In order to ensure when considering these loans if they are the correct choice a consumer must be able to first understand their own budgeting needs. A budget sets out all expenses that must be repaid on a monthly basis and compares the total figure to the amount received as income. This means that a budget must include all commitments that occur on a regular basis, such as rent, water, travel and food. Obviously there may also be commitments relating to existing loans and borrowing. For those consumers whose budgets highlight that in fact they are unable to meet their existing expenses, any form of additional borrowing will almost certainly have a negative effect. In such instances it may be useful to seek the advice of a third party representative for the assistant in managing existing debts. There are free charity based organisations who offer such services, such as StepChange, who can offer guidance without additional costs being incurred.
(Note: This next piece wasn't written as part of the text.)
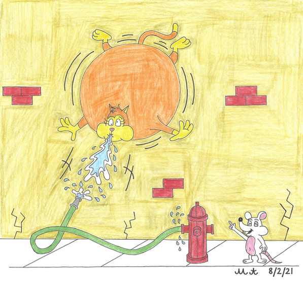 Vicky was now furious, putting the end of the hose in her pant pockets so she can spray the cats, off she went to find them. Gordon thought he was rid of that pest, but accidentally knocked the faucet on full power. Who knows whatβs going to happen Gordon wondered.Related content

For those consumers whose budgets are manageable, payday loans may be able to serve a purpose but it is important the reason for borrowing is correct. This means ensuring borrowing is used for the right reasons. Payday loans were designed to assist consumers who face an unexpected and immediate expense, such as the car breaking or an unplanned vet bill. These are the type of bills which could not have been planned for in advance. In such cases it is reasonable to expect that the consumer will need to generate some additional funds. Wherever possible it would be sensible for the consumer to consider using savings or borrowing the money from a family member or friend, as it will not typically mean repaying interest. Of course for many this is not possible and it is therefore understandable that payday loans may be considered.
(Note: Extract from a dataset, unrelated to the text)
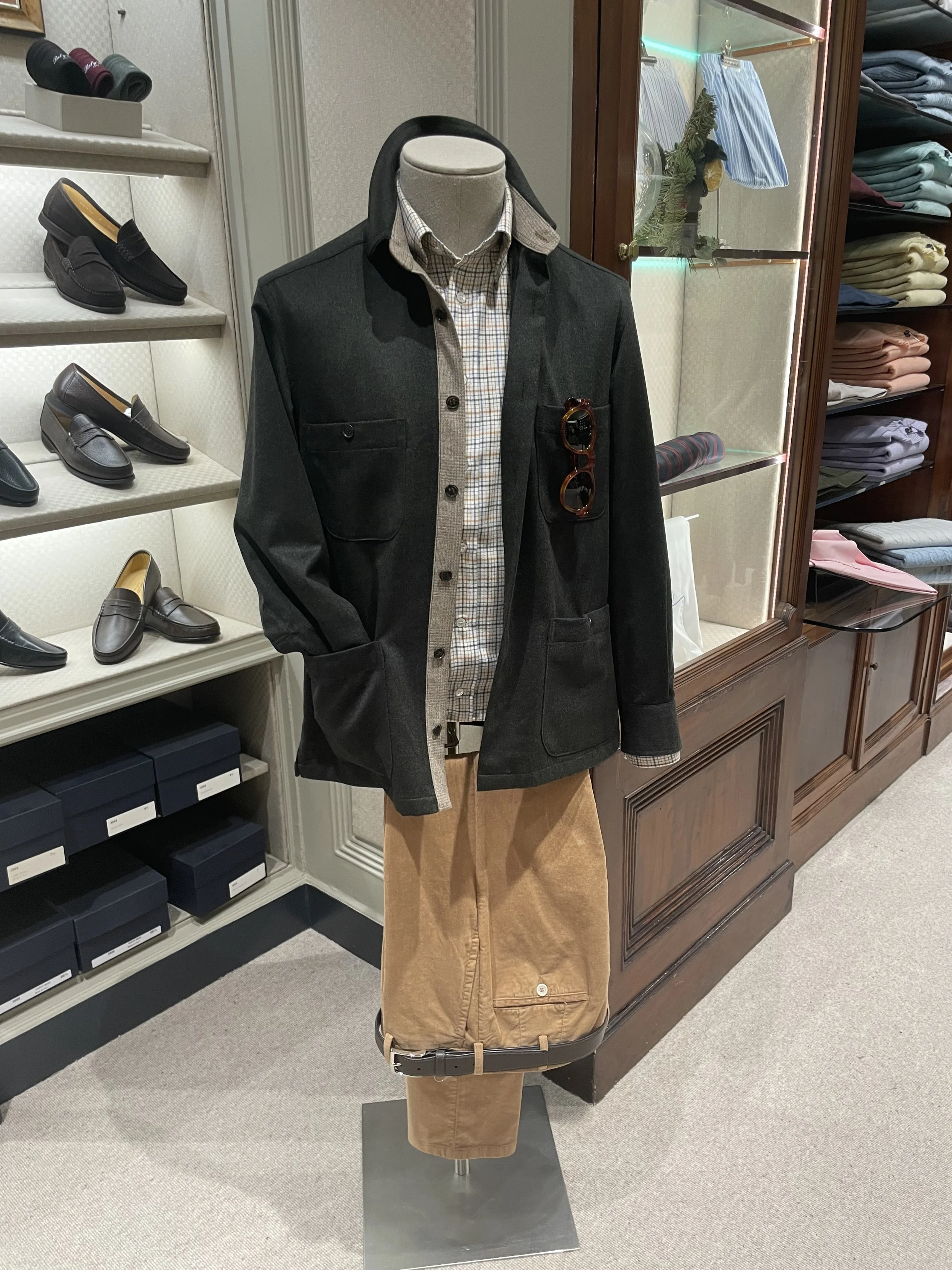 La Teba Jacket, conçue à l’origine comme une veste de chasse souple et fonctionnelle, est devenue au fil du temps un classique recherché : légère, non structurée et adaptée aussi bien aux tenues décontractées qu’aux looks plus élaborés, elle illustre parfaitement l’équilibre entre élégance et fonctionnalité qui caractérise la boutique.

The best type of loan will depend again on the customer’s budget and the amount of spare income the individual has available at the end of the mount. It is important with any new borrowing that the commitment proposed does not require the customer to commit the entirety of their spare income to its repayment. This is why in more recent year’s instalment based payday loans have become more and more popular. Instalment loans allow the customer to repay the amount borrowed over an agreed number of months and this means the actual amount repayable can work with, not against, existing financial commitments. In fact many lenders offering payday loans nowadays can offer repayment terms which extend from 3 month right though to 12 months in a number of cases. This means the customer can make an informed choice at the point of submitting the application and therefore has the ability to consider their current budgeting requirements. When considering any form of short term borrowing it is always worth repaying the loan over the shortest and most affordable period of time. This is because the longer the term the greater the total amount of interest repayable will amount to.